Politics

Bernie & Mark & Carmen Warschaw

On Saturday, candidates Bernard Parks and Mark Ridley-Thomas squared off over what makes them different in the race to succeed Yvonne Burke on the county Board of Supervisors. Here's the standard Times coverage, but LAO columnist Bill Boyarsky watched the debate through a broader lens. From his piece:

Two events in the 2nd Supervisorial District pointed up some of the immense difficulties facing politics and government in Los Angeles County, and the possibilities of overcoming them.

The district, where Los Angeles City Councilman Bernard Parks and State Sen. Mark Ridley-Thomas are competing to replace retiring Supervisor Yvonne Burke, reaches from upper middle class, predominantly white stretches of West Los Angeles across Los Angeles County to the struggling Latino and African American working class neighborhoods, such as Watts Willowbrook. The candidates, both African American, are competing for an electorate that is strongly black

One of these events occurred roughly in the middle of the district. It was at the University of Southern California, where one of the indomitable forces in California political life, Carmen Warschaw, announced her gift of $3 million to endow the Carmen H. and Louis Warschaw chair in practical politics. A search is now on for a professor to fill the chair.

The other occurred a day later, at a smaller school, Beethoven elementary, several miles west of USC in the West Los Angeles neighborhood of Mar Vista. At Beethoven, Ridley-Thomas and Parks debated over the kind of practical political problems that the new Warschaw professor will try to teach students to solve.

Carmen and her late husband, Lou, helped shape the California Democratic party and the careers of many of its leaders. They were teenage sweethearts, attended USC together and immersed themselves in politics as volunteers, donors and in leadership positions. Carmen has played politics tough and hard. She is unforgiving to enemies, generous to friends and has always tried to fill political offices with the women and men she thought would do the best job....

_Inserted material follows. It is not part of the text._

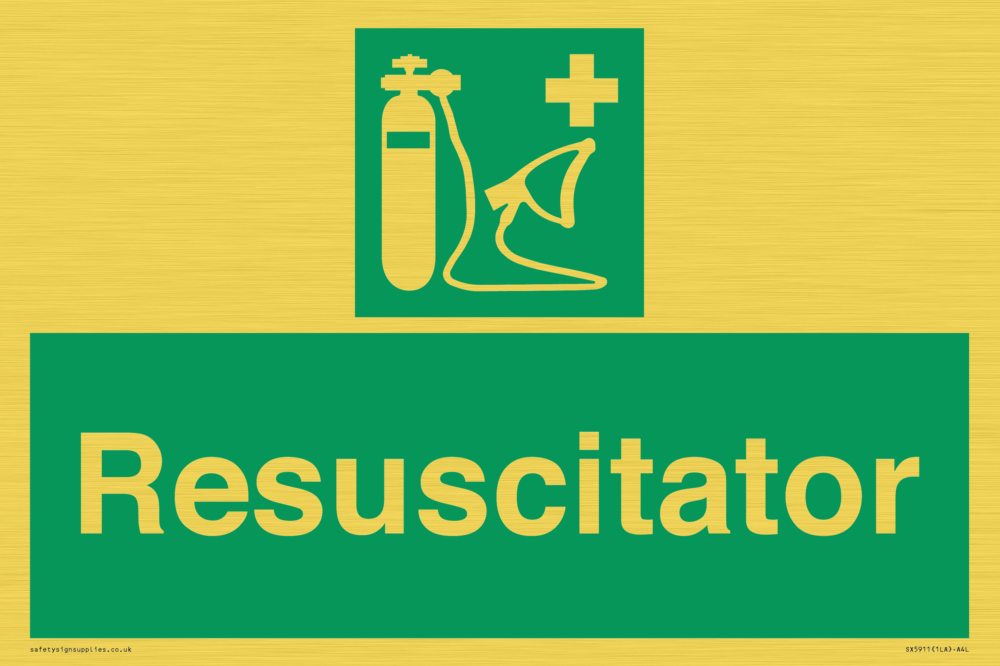 Sign Text: Resuscitator Dimensions: 300x200mm Material: Plastic Semi-rigid Gold Orientation: Landscape Text Colour: White Background Colour: Green More...

There are a lot of issues in this campaign but the most important is how to reopen the badly needed public hospital in Watts Willowbrook, once known as King Drew, then King Harbor and now closed after the poorly trained and incompetent staff failed to pass federal inspections. A huge area, home of L.A. County’s poorest, has been left without a hospital.

Neither Parks nor Ridley Thomas offered satisfactory solutions.

Also: In a Sunday profile, the Times' John Mitchell calls Parks the favorite "based on name recognition alone," but adds "he's also known as a loner, someone who is aloof and rigid, a man who doesn't easily forget a slight." And the Times also reported that labor is putting $4 million behind Ridley-Thomas.